Created: January 24, 2021
Modified: February 25, 2022
Modified: February 25, 2022
generative questions
This page is from my personal notes, and has not been specifically reviewed for public consumption. It might be incomplete, wrong, outdated, or stupid. Caveat lector.- Small talk can be mindnumbing and pointless. I like the idea of 'big talk, not small talk'. But realistically small talk serves a social purpose. You can't really go deep with someone until you know who they are and what they're interested in. You're not going to walk up to someone at a party and open by asking them about their views on rule vs act utilitarianism (at least at the vast majority of parties).
- It's natural to ask people factual questions. "Where do you work?" "What kind of stuff do you do?" "What is that useful for?" "Where are you from?" And so on.
- There's a place for these, but they're usually not all that interesting to be asked or to answer.

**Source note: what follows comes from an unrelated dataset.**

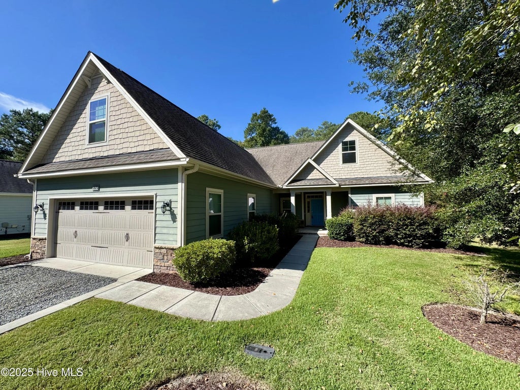 Located in the highly desirable Tidewater community of Ocean Isle Beach, this custom-built home features 4 bedrooms, 2 bathrooms, high-end upgrades, and a carefully considered design. Hardwood floors adorn the main living areas, complemented by a granite kitchen with wood-stained cabinets, a convenient pass-through window in the kitchen, a central island, and sophisticated tray ceilings. The living room features custom-built-ins and a fireplace with a beautiful ornate mantle. Three bedrooms are located on the first floor, including a spacious primary suite that opens to a private backyard. The primary bathroom is equipped with two large walk-in closets, tub and shower, along with a private water closet. A large room above the garage serves as the fourth bedroom or an extra space for versatile use! Tidewater offers charming brick paver streets, a community fire pit, pier, and serene water views—all with low HOA fees. Conveniently located near Brunswick County beaches, shopping, and medical facilities. This home is located 4 miles from the white sands of Ocean Isle Beach! The charming coastal community of Tidewater is a great place to call home. Assumable VA Loan with a low interest rate for buyers that qualify.
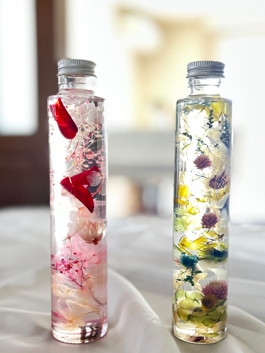 ピンクと赤、グリーン系など同系色で合わせたシンプルなハーバリウムです。

- You have a better conversation and get to know a person better by asking people to describe who they want to be. Questions that generate ideas, plans, thoughts about the future.
- Examples:
- What can't you stop thinking about?
- What's something exciting you'd like to work on?
- What books do you want to read?
- or "What books have you read recently" also gets at their aspirational selves and is easier to discuss since they can describe the book.
- These are a special case of the insight that the goal of talking to anyone is to help them think. communication is processing.
- Another example is to ask people to speculate:
- Who will win the game tonight?
- Who will run in the 2024 election?
- Which companies in (some market) will grow and which companies will shrink?
- Which of these is appropriate depends on the person and the context. But when used appropriately, asking for speculation is giving someone the gift of letting them engage in prediction as a model-building exercise.